RX Vega 56 Hybrid Mod & (Half-Working) 242% Power Offset
Posted on August 18, 2017
As exciting as it is to see “+242% power offset” in overclocking tools, it’s equally deflating to see that offset only partly work. It does, though, and so we’ve minimally managed to increase our overclocking headroom from the stock +50% offset. The liquid cooler helps, considering we attached a 360mm radiator, two Corsair 120mm maglev fans, a Noctua NF-F12 fan, and a fourth fan for VRM cooling. Individual heatsinks were also added to hotter VRM components, leaving two sets unsinked, but cooled heavily with direct airflow.
This mod is our coolest-running hybrid mod yet, with large thanks to the 360mm radiator. There’s reason for that, too – we’re now able to push peak power of about 370-380W through the card, up from our previous limitation of ~308W. We were gunning for 400W, but it’s just not happening right now. We’re still working on BIOS mods and powerplay table mods.
In the least, then, our “242% offset” has managed to get us another 70W of power to the core, which is enough to push the clock into competition with V64 overclocks.
We’re presently in the midst of researching clock reporting errors with Vega monitoring software, as they’re limiting our ability to adequately list overclock successes and failures. There’s a threshold at which overclocking seems to just stop working, but the card will report whatever frequency the user has set – it’s just not actually achieving that frequency. That’s a separate content piece, though.
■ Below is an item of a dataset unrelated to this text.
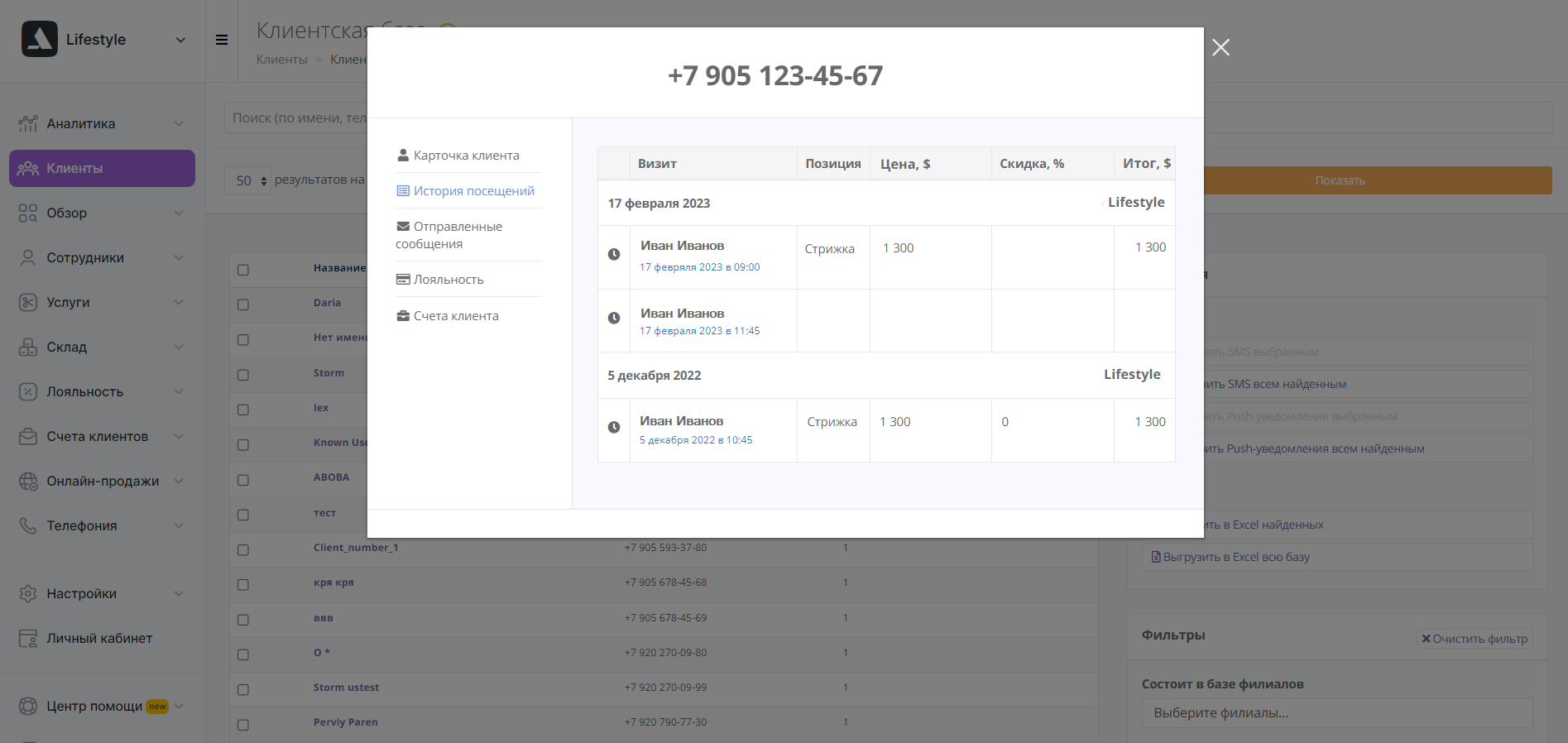 Кликните на имя в таблице. Вы попадете в персональную карточку клиента. Выберите «История посещений».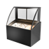 Thiết kế kính cong sang trọng kết hợp mặt bàn đá cẩm thạch hiện đại và đèn LED chiếu sáng tạo ra điểm nhấn thẩm mỹ mạnh mẽ, đồng thời đảm bảo kem luôn giữ được độ mềm mịn và hương vị tuyệt hảo.

In the meantime, it looks like the registry mod managed to get us some extra power. As we’re finalizing this part of the content, the card is presently sitting under load with FET thermals below 45C and GPU thermals well under control – though AMD’s GPU diode temperature reporting does seem a bit off, too, as it will report below ambient when idle and with liquid (clearly impossible, in this case).